Het is heerlijk om in de middagpauze een rondje te wandelen. Daarom probeer ik elke dag rond het middaguur een momentje in te ruimen om lekker naar buiten te gaan. De hele dag tussen 4 muren, achter een glazen vissenkom staren naar het licht, is ook niet wat.
Mijn werk ligt midden op een bedrijventerrein dat het midden houdt tussen druk en rustig. Zeker er heerst bedrijvigheid al doet het aantal panden vermoeden dat het veel bedrijviger zou kunnen zijn. Er staan best veel panden leeg, valt mij op.
Een paar bedrijfsgebouwen laten duidelijk sporen van leegstand zien. De leeuwen voor een van de gebouwen beginnen meer en meer af te bladderen. Blijkbaar is er bij dat pand niet een directeur die het ziet en aan de bel trekt. De dichte luxaflex achter de ramen bezit al een indrukwekkend laagje stof. Die zijn al een tijdje niet meer opengeweest.
Een ander gebouw krijgt al mooie mosvorming op het dak. Zonder dat de architect daar een bepaalde filosofie over had, heeft het organisch en duurzaam bouwen bezit genomen van het gebouw. De bomen en struiken rond het bedrijfspand doen de rest. Het staat al een tijdje leeg.
Ik kan daar echt van genieten. Net als dat de natuur ook langzaam bezitneemt van het gebied. Dat is niet alleen het muizenholletje dat ik tegenkom. Het zijn ook de zaadjes van de iep die zich overal verzamelen, het bloemenveld tussen de konijnendrolletjes onder de elektriciteitsdraden en de klaprozen die op het parkeerterrein tussen de tegels uitschieten.
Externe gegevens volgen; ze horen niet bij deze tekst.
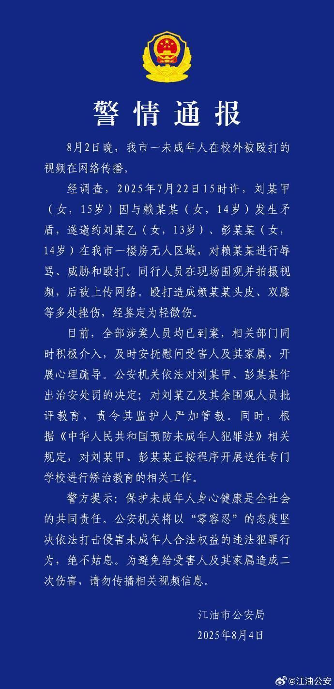 四川绵阳江油市公安局8月4日发布警情通报称,2025年7月22日15时许,刘某甲(女,15岁)因与赖某某(女,14岁)发生矛盾,遂邀约刘某乙(女,13岁)、彭某某(女,14岁)在江油市一楼房无人区域,对赖某某进行辱骂、威胁和殴打。同行人员在现场围观并拍摄视频,后被上传网络。殴打造成赖某某头皮、双膝等多处挫伤,经鉴定为轻微伤。

Het maakt zo’n ommetje extra interessant. De voorjaarszon geeft alles ook een mild kleurtje. Dan valt het niet meer zo op. In de winter komt het door de kale bomen en grauwe kleuren wat deprimerender over. De lente maakt het allemaal een beetje vrolijker.
Zo vrolijk dat je even helemaal vergeet dat zo’n leeg bedrijventerrein eigenlijk te triest voor woorden is.